In [1]:
%autosave 0

Autosave disabled


## Assignment 3 - Named Entity Recognition

In this assignment, we are going to build a Named Entity Recognition model. With this model, we will also tag new data.

More on Named Entity Recognition:

https://blog.paralleldots.com/data-science/named-entity-recognition-milestone-models-papers-and-technologies/

https://blog.paralleldots.com/product/applications-named-entity-recognition-api/

### Steps:

**1. Import the data**

**2. Build the model**

**3. Pick a dataset to run the model on**

**4. Build a function to load new data and print the tags**

Your web application will load small sections of text (such as tweets or headlines) and from that, you will tag the text based on the presence of named entities.

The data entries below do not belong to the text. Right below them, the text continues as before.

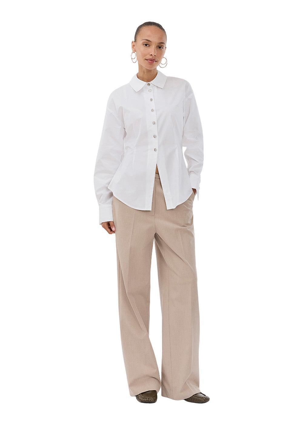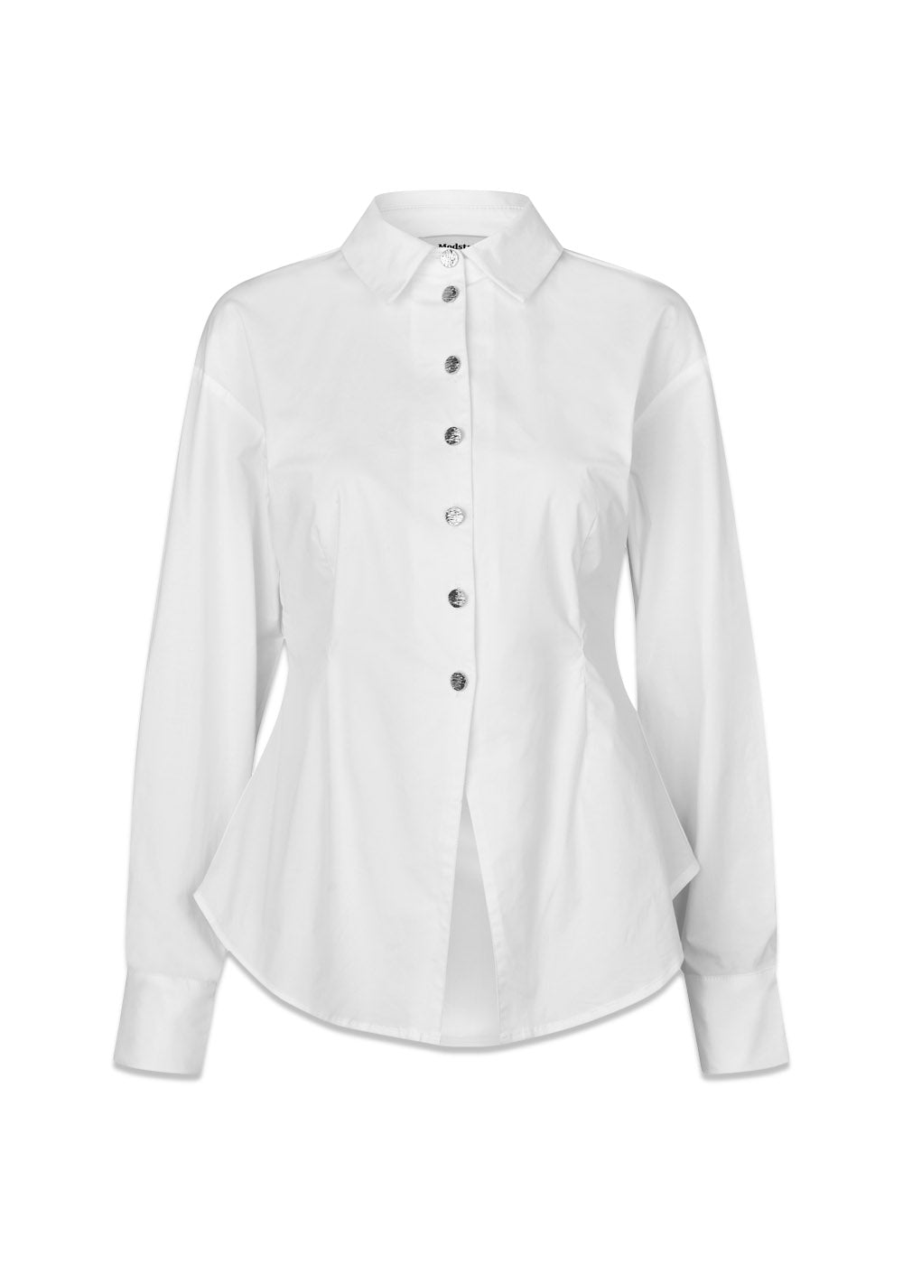 Ullismd er en klassisk skjorte fra Modström i en hvit nyanse. Den har en slank passform som fremheves av snittlinjer, og er designet med dekorative kontrastknapper og en diskret splitt foran.
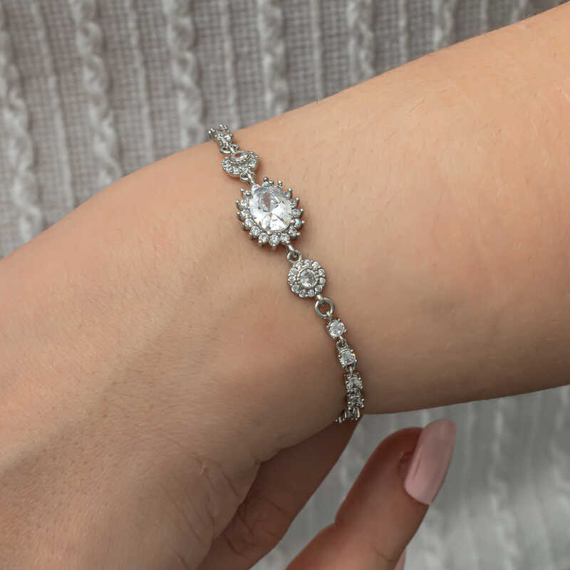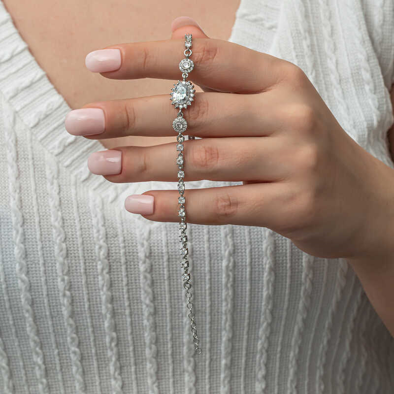 Silver Oval Waterway Women's BraceletYou will love using this bracelet, which resembles stars with its sparkling white stones, in everyday life, special occasions and nights. The timeless oval waterway silver bracelet, which appeals to all women who want to achieve a stylish look, is waiting for you. The silver oval waterway women's bracelet is a perfect option for a birthday gift, Valentine's Day gift or as a gift for mothers on special occasions. The silver oval waterway women's bracelet is made of 925 sterling silver. Rhodium plated on silver. Rhodium plated women's bracelets preserve their shine for a long time and oxidation is delayed. Like all women's bracelets, the silver oval waterway women's bracelet is produced by hand. Due to silver and precious stones, there may be a ± 10% deviation in the average product weight.Bracelet Width: 1.10 cmBracelet Length: 1.30 cmChain Length: 21 cmAverage Weight: 6.20 gr.
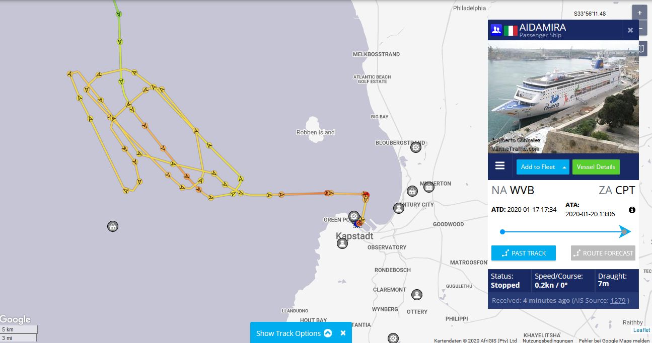 man sollte aber bedenken, dass fast alle Reedereien die Route über den indischen Ozean, Kap der guten Hoffnung, Kapstadt befahren, d.h. mit der Meeresströmung. Die Mira fährt aber von Kapstadt Richtung Durban die entgegengesetzte Richtung, also gegen die Strömung.
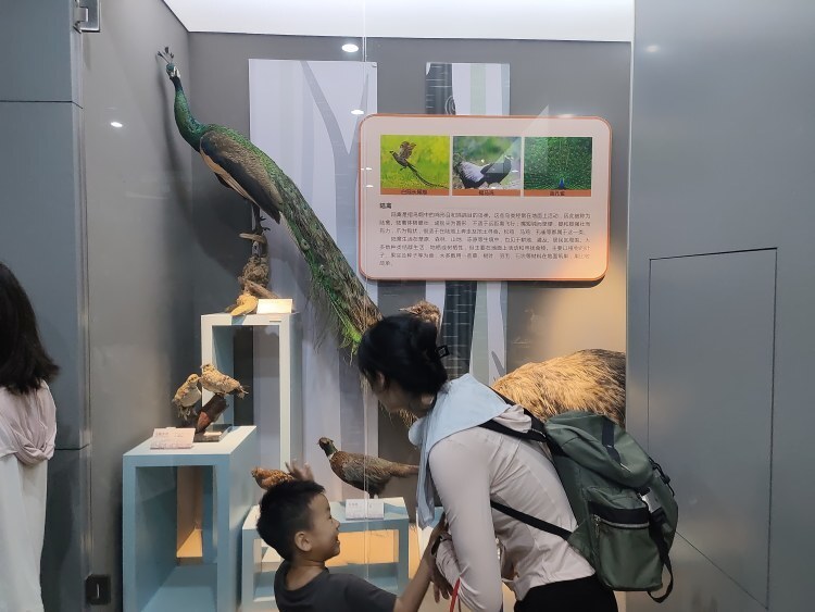 华中农业大学博物馆内展出的孔雀。上游新闻记者 苏笃 摄
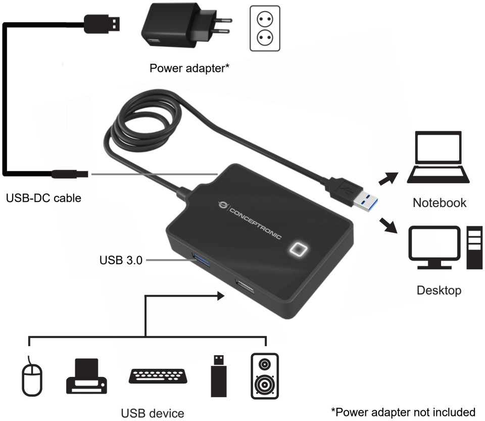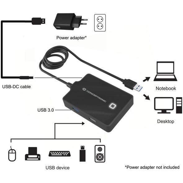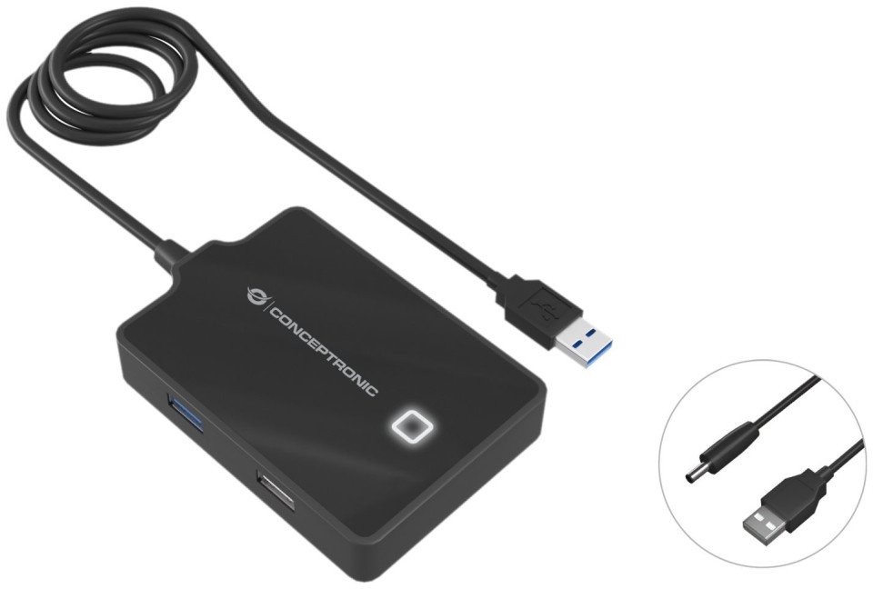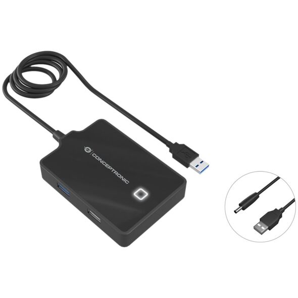 HUB USB Conceptronic CONCEPTRONIC USB-Hub 4-Port 3.0 ->1x3.0 3x2.0 χωρίς τροφοδοτικό μαύρο
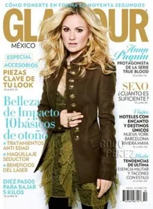 On October’s cover of Glamour Mexico is True Blood’s Anna Paquin. Anna Paquin is mostly known to us as Sookie Stackhouse who plays a small town waitress who gets caught up in the supernatural world that is circling around Louisiana. Anna is dressed in an olive green sheer shirt and beautifully smooth brown jacket with a confederate tailoring. This is a great look for her during these falls months.
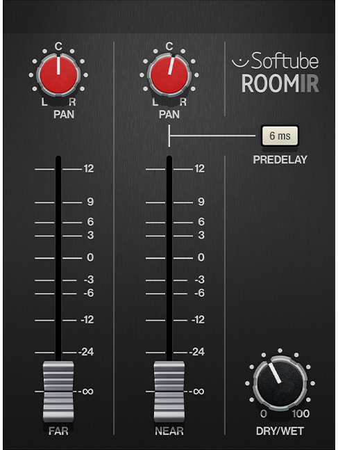 Five room impulse responses are available. All of them have Near and Far faders, plus you can choose to delay the Near response with a pre-set predelay time to achieve a great slap-back effect. The two Pan knobs lets you spread out the room impulses in the stereo field.

*What you will be graded on:*

1. Ability to build a model on word and tag data

2. Ability to use the model to predict on new data and display that prediction

*The model will be based on:*
1. Embeddings from words
2. Embeddings from tag inputs

### Step 1: Importing the data

Below is some code to get you started. As in the part of speech tagging example, you will have to write code to:

0. Split your data into a train/test set (Do a 80/20 or 90/10 split since we'll be later applying this model to an entirely separate set of data)
1. Find the set of all words
2. Find the set of all tags
3. **Create a function called ent_tagger** that will turn a sentence into this output for model building :
``` [('Thousands', 'O'), ('of', 'O'), ('demonstrators', 'O'), ('have',  'O'), ('marched',  'O'), ('through',  'O'), ('London', 'B-geo'), ('to',  'O'), ('protest',  'O'), ('the',  'O'), ('war',  'O'), ('in',  'O'), ('Iraq',  'B-geo'), ('and', 'O'), ('demand',  'O'), ('the',  'O'), ('withdrawal', 'O'), ('of', 'O'), ('British', 'B-gpe'), ('troops',  'O'), ('from', 'O'), ('that', 'O'), ('country', 'O'), ('.', 'O')]
```
4. Make a dictionary of words to index and entity tag to index

In [2]:
from sklearn.model_selection import train_test_split
from keras.preprocessing.sequence import pad_sequences

  from ._conv import register_converters as _register_converters
Using TensorFlow backend.


In [3]:
import pandas as pd
import numpy as np

data = pd.read_csv("../data/ner_dataset.csv", encoding="latin1")
data = data.fillna(method="ffill")
data.tail(10)

Unnamed: 0,Sentence #,Word,POS,Tag
1048565,Sentence: 47958,impact,NN,O
1048566,Sentence: 47958,.,.,O
1048567,Sentence: 47959,Indian,JJ,B-gpe
1048568,Sentence: 47959,forces,NNS,O
1048569,Sentence: 47959,said,VBD,O
1048570,Sentence: 47959,they,PRP,O
1048571,Sentence: 47959,responded,VBD,O
1048572,Sentence: 47959,to,TO,O
1048573,Sentence: 47959,the,DT,O
1048574,Sentence: 47959,attack,NN,O


In [4]:
# Reformat data so that each sentence is put into a vector per row of a pandas dataframe
cleanDat = data.groupby('Sentence #', sort=False).apply(lambda x: pd.DataFrame(data = {'token_sents': [x.Word.tolist()], 'token_tags': [x.Tag.tolist()]}))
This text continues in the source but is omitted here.